AI is the reasoning layer. B2B data is the data layer.
This is the real finding underneath the numbers. ChatGPT’s research capability didn’t change between the two conditions, the interface, the reasoning, the ability to interpret “senior sales leader” and find a real candidate, all stayed constant. What changed was whether a structured, verified data source was available to answer the second half of the request.

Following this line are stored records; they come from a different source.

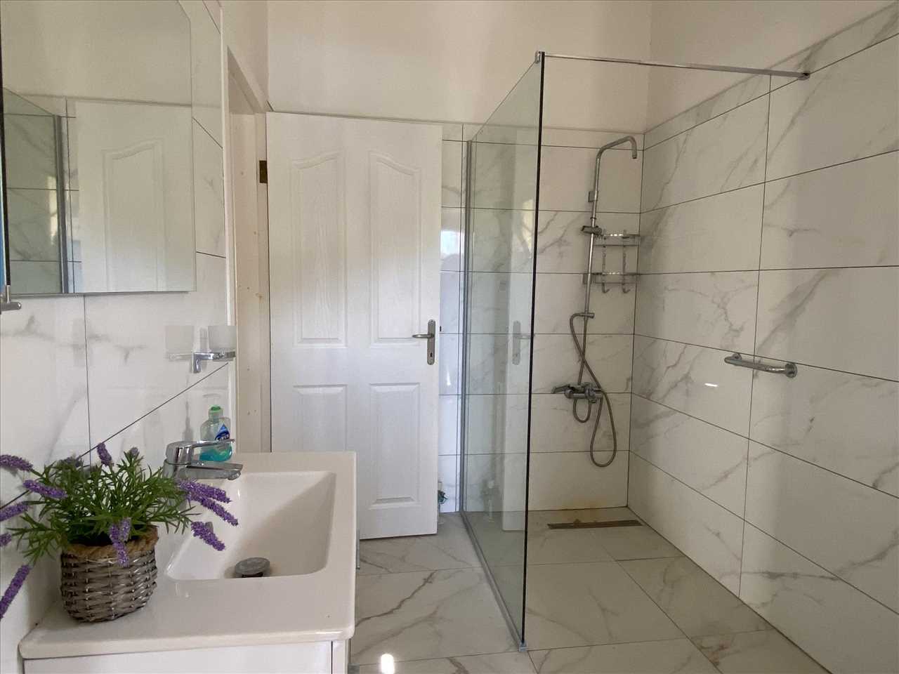 Single aspect, ceramic floor and wall tiles, wc, washbasin in vanity unit and large walk in shower with glass screen.
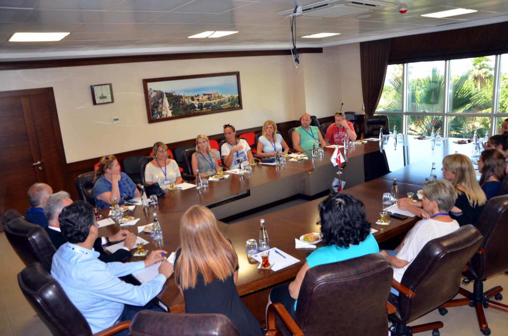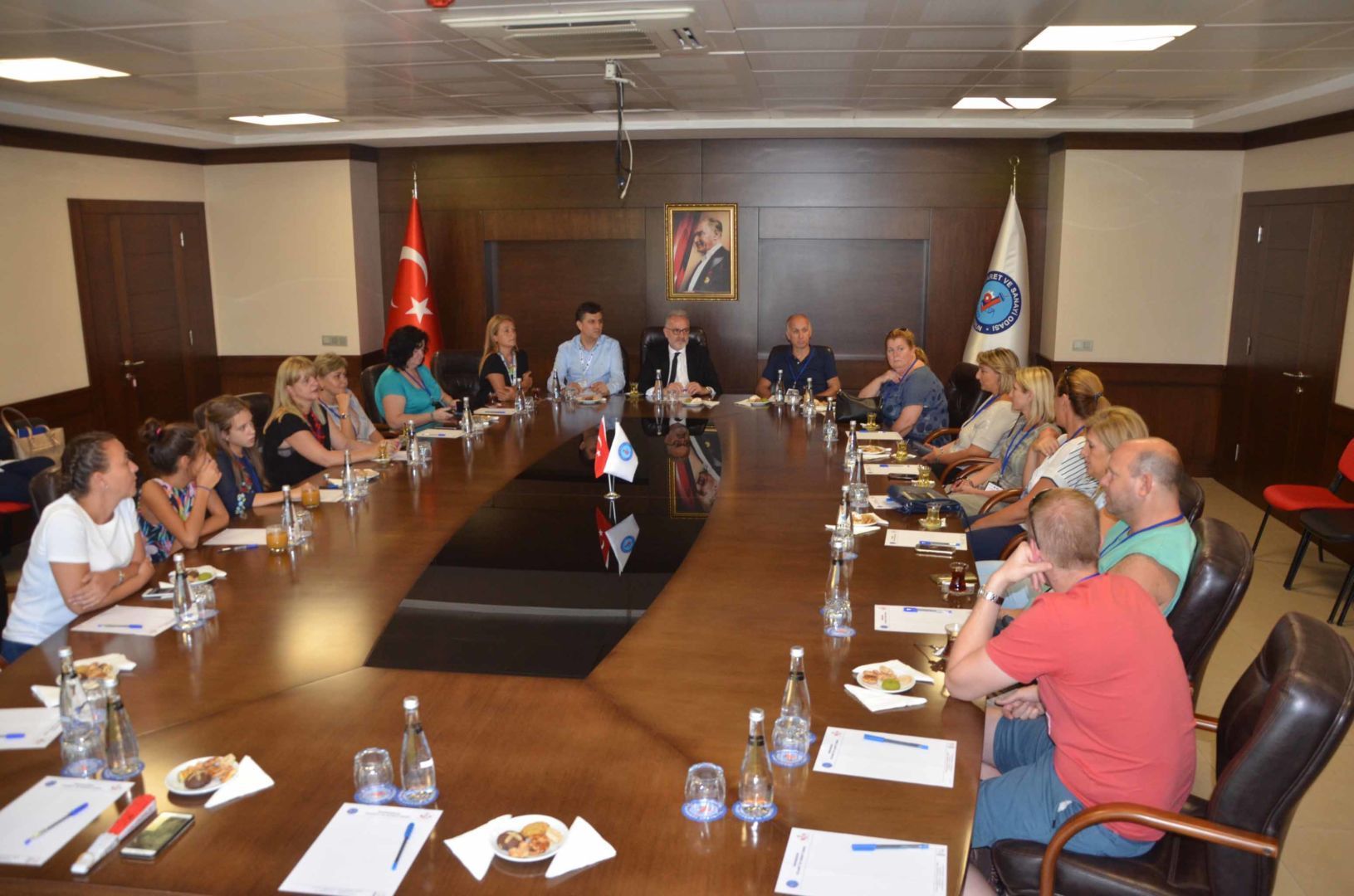 İKEM Koleji’ne ERASMUS+ Projesi kapsamında Avrupa’nın çeşitli ülkelerinde gelen öğretmen ve yöneticiler gezi programı kapsamında İskenderun Ticaret ve Sanayi Odasının Meclis Salonunu ve teras katını da gezdiler. İskenderun Manzarasına hayran kalan misafirler teras katında bol bol fotoğraf çektiler. Avrupa’nın çeşitli ülkelerinden gelen eğitimcilerin 4 gün süre ile Hatay’ın tarihi ve turistik mekanlarını da gezecekleri bildirildi.
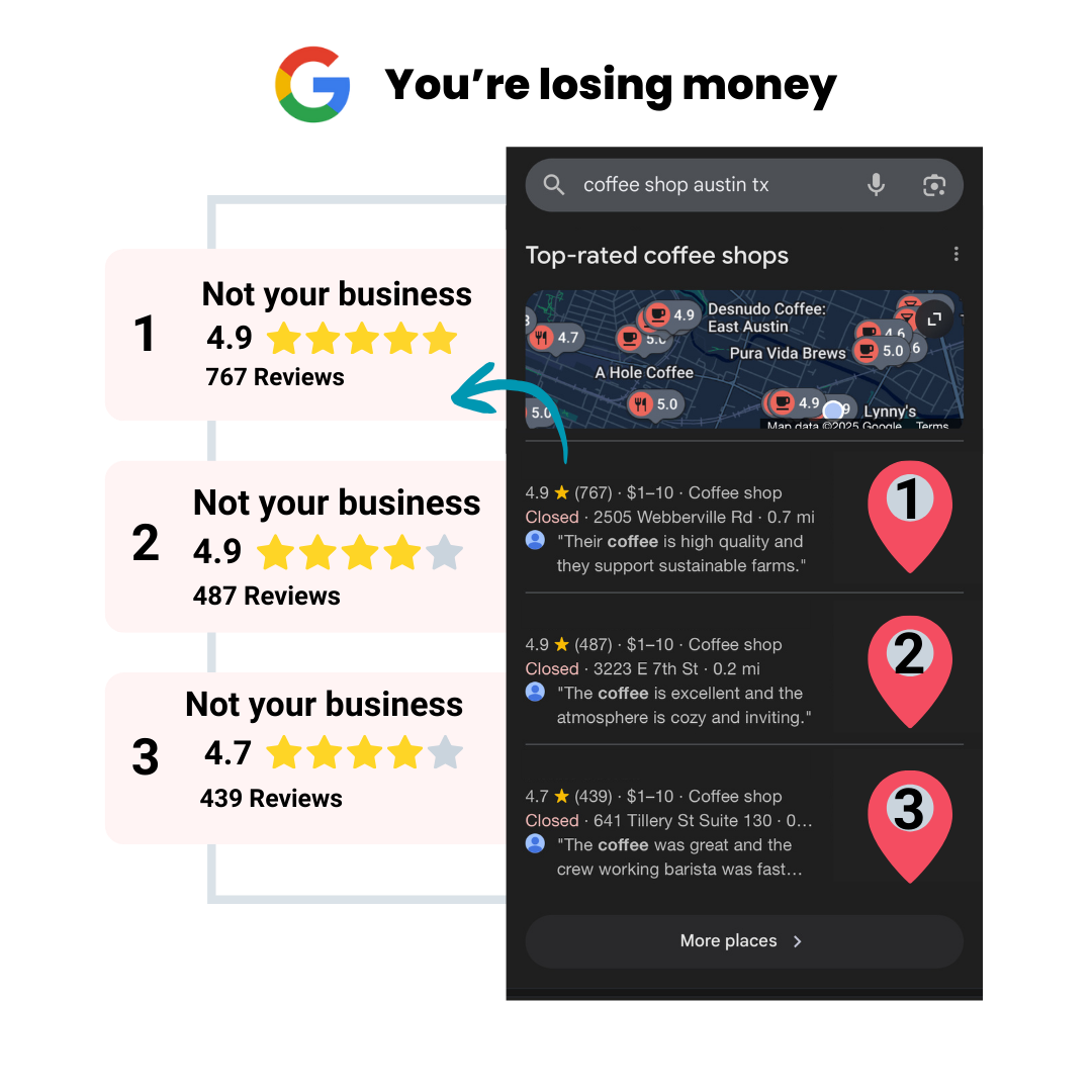 Build the trust your business needs to grow. With our automated Google review tool, you’ll get more reviews, more customers, and a clear edge over competitors, effortlessly.
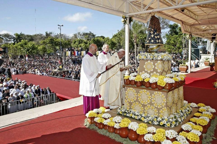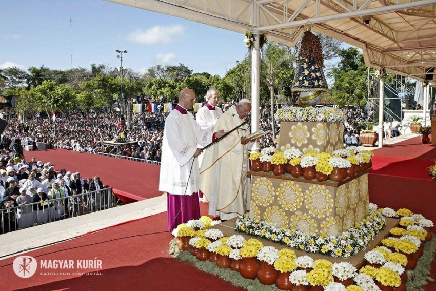 Mária megtanított bennünket, hogy minden helyzetben, számtalan nehézség közepette is az Úr velünk van, miként az angyali üzenet szerint ővele volt: „Az Úr van teveled! Ne félj, Mária!” És Mária mindig azt mondja, amit a kánai menyegzőn: „Tegyétek, amit mond!” Ferenc pápa szó szerint így folytatta: „Ti tudjátok, megtapasztaltátok, amit most megosztunk. Ti valamennyien, minden paraguayi elevenen emlékezik arra a népre, amely megtestesítette az evangéliumnak ezeket a szavait. És különösen is utalni akarok rátok, asszonyokra és paraguayi anyákra, akik nagy bátorsággal és önmegtagadással talpra tudtátok állítani a háború által lerombolt, mélyre süllyedt országot. Nálatok van az emlékezet, a genetikai öröksége azoknak, akik újraépítették az életet, a hitet, népetek méltóságát.
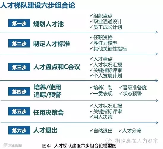 要实现基于人才库的人才梯队建设目标,其实施的最佳路线图是图4中所示的六步组合论。
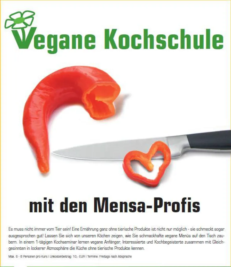 Als einen ersten Schritt bietet das Studierendenwerk Trier seit einigen Monaten immer häufiger auch vegane Gerichte an. Weil diese auch bei den Nicht-Veganern sich zunehmender Beliebtheit erfreuen, entschloss sich das Studierendenwerk in Zusammenarbeit mit einer passionierten Veganerin die 1. vegane Kochschule zu organisieren.
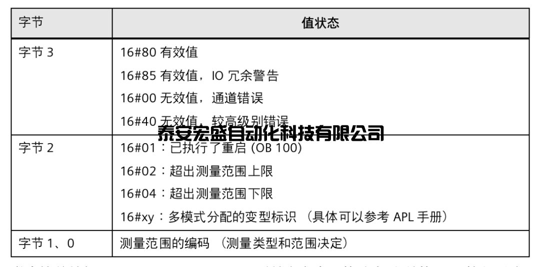 舉個簡單的例子Mode= 16#80010203時的含義為:值狀態(tài)“有效值”且已執(zhí)行重啟,測量類型為電流信號,測量范圍為 4 mA 至 20mA。
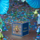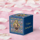 A barba - Nesta caixa está um design original usando um retrato do autor William Shakespeare. O retrato está em um quadro de ouro oval de ornamentado com fitas e uma coroa no topo. O papel de parede de fundo azul é decorado com castelos, coroas de reis e flores amarelas e vermelhas, trazendo à mente o romance, a tragédia e a comédia de suas peças e poesia. Há texto definido para personalizar, usar como está ou excluir se preferir.
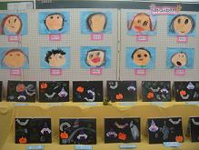 ≪花組(上段) 自分の顔を描きました≫ ≪雪組(下段) 折り紙製作 ハロウィンです≫
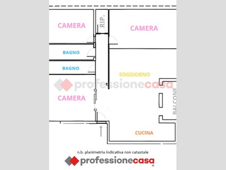 L'immobile è composto da un ampio ingresso open space con accesso ad un balcone, tre comode camere da letto, ripostiglio e due bagni.
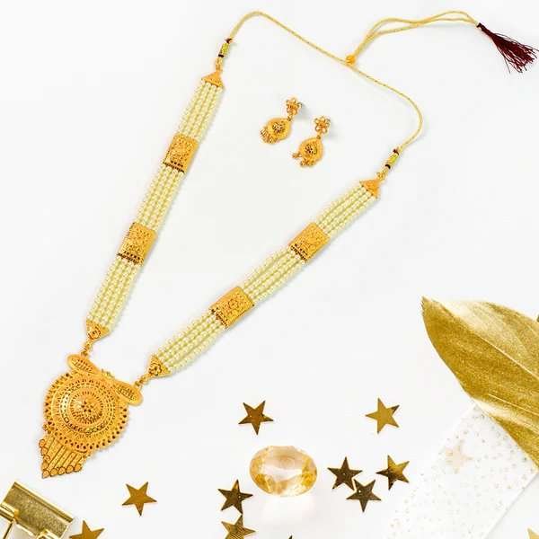 Elevate your look with the radiant beauty of this exquisite moti necklace and enjoy compliments wherever you go.
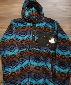 NWT Ariat Men's Polar Bear Fleece Hoodie Enamel Blue Serape Size L Large Aztec
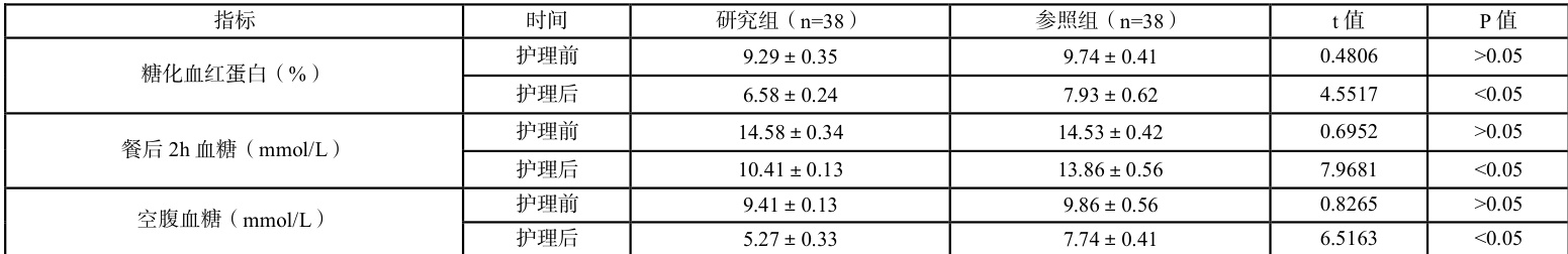 自2024 年 8 月起,开始收集诊治糖尿病的老年病例资料,至2025 年 8 月止共纳入 76 例,通过随机抽号法进行分组。研究组 38 例中,男性19 例,女性19 例。年龄值域 60-88 岁,年龄均值( 74.21±0.22 )岁。参照组38例中,男性 21 例,女性17 例。年龄值域 60-87 岁,年龄均值( 74.58±0.34 )岁。对比两组一般资料( P>0.05 ),可比性较强。
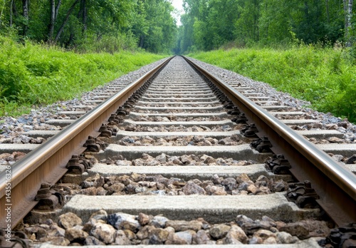 © Surin, Fototapeta premium Straight Railroad Tracks Through Lush Green Forest Landscape on Summer Day
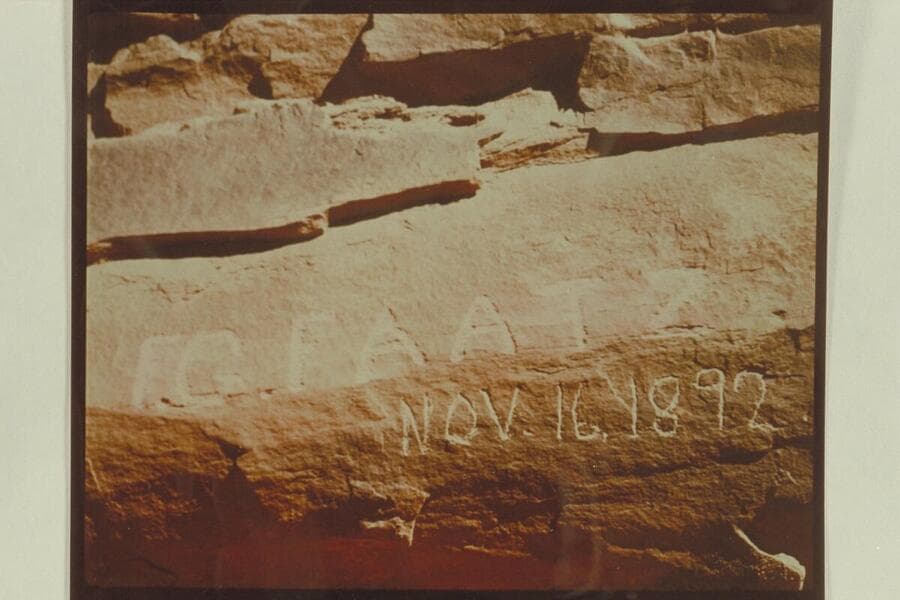 The name of P.A. Craig and the date Aug. 4, 1892 cut deeply into the wall at TSE AH TOH. Above the deep cutting is another cut of his name
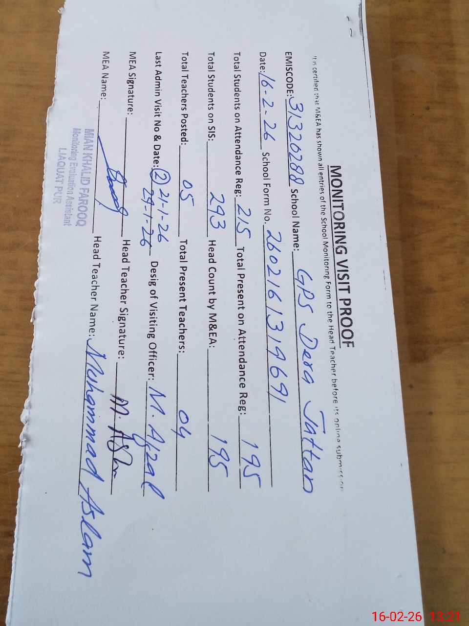 | Attendance Register | Head Teacher | MEA with School | Visit Proof |
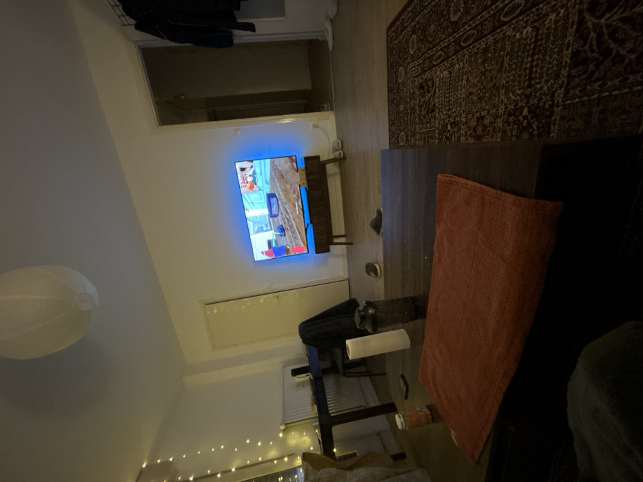 A living room interior shows a television mounted on the wall with a blue light glow, displaying a video game. Below the TV, there is a white cabinet and a desk with a chair. A rug sits in the upper right corner, and a coffee table with an orange blanket on it is near a sofa. String lights decorate the bottom of the wall.

Identifying the right person is a reasoning problem, and AI is already good at it. Producing a current, verified, contactable record is a data problem, and that’s a different job entirely.
Methodology
This experiment ran August 2026 against 10 real, active B2B software companies. Both conditions received an identical fixed prompt requesting a current senior sales leader’s name, title, work email, direct phone, and LinkedIn profile, with explicit instructions not to guess or infer any field.
The ChatGPT-alone condition used public web research only, with no connected data source and no contact names supplied in advance. The Lusha-connected condition filtered US contacts in the Sales department, VP or C-suite seniority, Software Development companies, B2B business model, 201-1,000 employees, a population of 2,161 matching contacts, from which one qualifying leader per company was selected and the same fields revealed.
Scoring followed a rubric fixed before either result was reviewed. Any current, correct VP, SVP, or CRO-equivalent leader counted as a valid identification, regardless of whether it matched the specific individual the Lusha search surfaced.
Company names and individual identities from this experiment have been generalized and anonymized throughout this article, including in aggregate discussion, since the pairing of a specific company with a specific named executive is itself identifying information. This is a 10-company exploratory test measuring field availability under a no-guessing standard, not deliverability, connectivity, or an independent benchmark of database-wide accuracy. Results from this sample should not be interpreted as representative of accuracy at scale.
FAQ
Can ChatGPT find B2B contacts?
It can reliably identify people who fit a role and company profile using public web research. In a controlled 10-company test, it identified a correct, current senior sales leader in 10 out of 10 cases. It did not reliably produce a complete, verified contact record, work email and direct phone, for any of them.
Can ChatGPT find business emails?
Under a strict no-guessing standard, public web research alone did not return a single usable work email across a 10-company test. Public sources often surface masked or partial contact information rather than verified, current details.
What’s the difference between identifying someone and being able to contact them?
Identifying someone is a reasoning task, matching a role and company to a real, current person, and general-purpose AI is genuinely capable at it. Contacting them requires verified, current data, a work email and direct phone that are actually correct, which is a structured data problem, not a research problem.
Why connect Lusha to ChatGPT?
Connecting Lusha gives ChatGPT access to verified, structured contact and company data while you keep working through a conversational interface, closing the gap between identifying a prospect and having a usable record to act on.